The money has got to come from somewhere.
This article about the tax cuts for the wealthy is proof that Bush's quip about his base - the "Haves and the Have-Mores" is not just a joke.
Bush’s second target, however, may exceed even the mind-boggling $11.6 trillion. The second primary objective is to totally restructure the entire tax code before leaving office. The campaign for the second target kicked off with the release on September 30, 2005 of the final report of Bush’s appointed special Advisory Panel on Tax Reform. Expectations are that the Panel will recommend, and Bush and Congress eventually propose, not only further breaks for the wealthy and corporations but also a scaling back of many of the token tax cuts given to workers and consumers between 2001-04 that were considered politically necessary at the time to ensure passage of tax cuts for the wealthy. In addition, the Panel’s report is expected to launch a fresh, new assault on the few benefits in the federal tax code that working class households have been able to take advantage of for many years—such as home mortgage interest, state and local tax deductions, and deferral of taxes on health insurance premiums.....It is estimated that a full and permanent repeal of the Estate Tax will amount to approximately $1 trillion in lost tax revenue and interest over the next decade, followed by trillions more over subsequent decades.

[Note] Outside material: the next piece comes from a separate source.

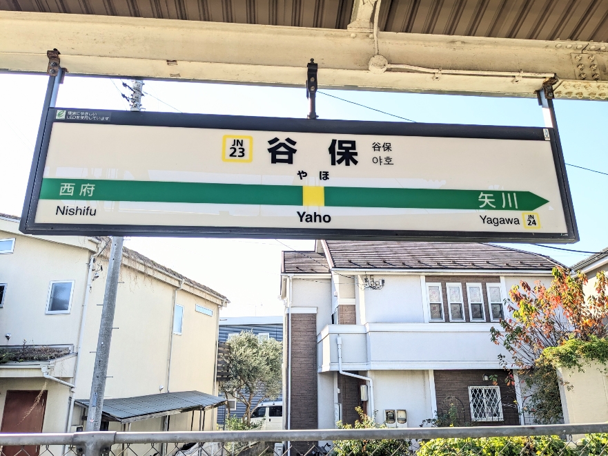 JR谷保駅の駅名標です。

Hurricane Katrina has recently dealt a wild card into the Estate Tax cut game, however. With what looks like $500 billion needed to rebuild the Gulf Coast, it will be difficult (though not impossible) for pro-corporate/pro-wealth interests to pass another $1 trillion tax cut for the wealthiest 1 percent of taxpayers at the same time.
As a contingency, Bush and the pro-wealth interests in Congress have developed a fall back position nearly as generous in the event permanent repeal is not immediately possible. Led by Republican Senator Jon Kyle of Arizona, an alternate proposal on the table in the Senate at present is to raise the Estate Tax’s exemption immediately to $7 million (or higher) and immediately reduce the 45 percent tax rate to a 15 percent rate equal to the tax on capital gains. That would produce a tax cut for the wealthiest 0.3 percent households of more than $700 billion over the coming decade alone, with more to follow. And even that $700 billion is probably an underestimation, since other provisions in the legislation and before the courts at present will render state-level Estate Tax laws that now exist null and void as well.
However the final results are calculated and whatever the details of the final outcome, it is virtually assured that another multi-trillion dollar tax cut for the wealthiest taxpayers is about to pass within the next 12 months.